ABOUT THIS TASK
Return the line containing "Далее между столбами" and every line beneath it through the end of the entries below, unchanged. Pictures stay out.

DATASET EXTRACT
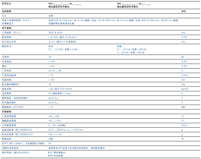 德國NOVOTECHNIK位移傳感器TH1系列產(chǎn)品參數(shù):
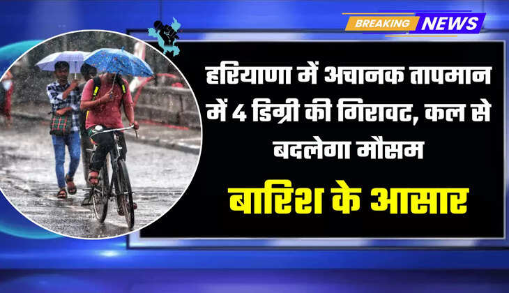 Haryana Weather Update : हरियाणा में अचानक तापमान में 4 डिग्री की गिरावट, कल से बदलेगा मौसम, बारिश के आसार, मैप द्वारा समझें ताजा अपडेट
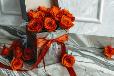 Orange roses in a floral arrangement for Valentine's Day or wedding.
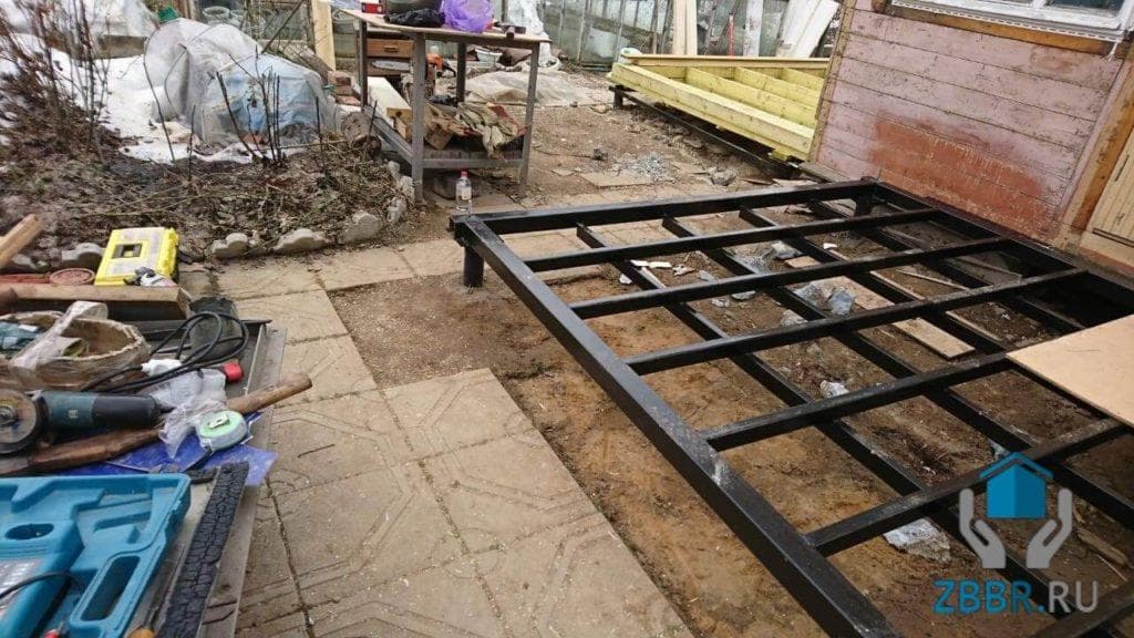 Далее между столбами устанавливаются поперечные перила, они также крепятся на металлические уголки. В дальнейшем эти перила послужат основой для обшивки ОСП и сайдингом.
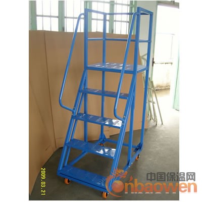 一面设有台阶(台阶旁边有扶手)供使用者登上平台,平台另三面配有护栏保证作业者的安全。平台作业面一般大小可容纳1-2人站立、转身、移动。使用者可在登高车的平台上完成从货架等高处堆取物品等动作。另外,登高车配有脚轮,可供使用者推拉转向移动,方便快捷。其中有前脚轮上配备有轮刹,刹住后,登高车固定不可移动,使用者可安全放心的登高操作。产品适用范围:广泛用于机械、石油、化工、医药、电子、档案、航空、码头、铁路、汽车、建材超市等行业。

WRITTEN ANSWER
 Далее между столбами устанавливаются поперечные перила, они также крепятся на металлические уголки. В дальнейшем эти перила послужат основой для обшивки ОСП и сайдингом.
 一面设有台阶(台阶旁边有扶手)供使用者登上平台,平台另三面配有护栏保证作业者的安全。平台作业面一般大小可容纳1-2人站立、转身、移动。使用者可在登高车的平台上完成从货架等高处堆取物品等动作。另外,登高车配有脚轮,可供使用者推拉转向移动,方便快捷。其中有前脚轮上配备有轮刹,刹住后,登高车固定不可移动,使用者可安全放心的登高操作。产品适用范围:广泛用于机械、石油、化工、医药、电子、档案、航空、码头、铁路、汽车、建材超市等行业。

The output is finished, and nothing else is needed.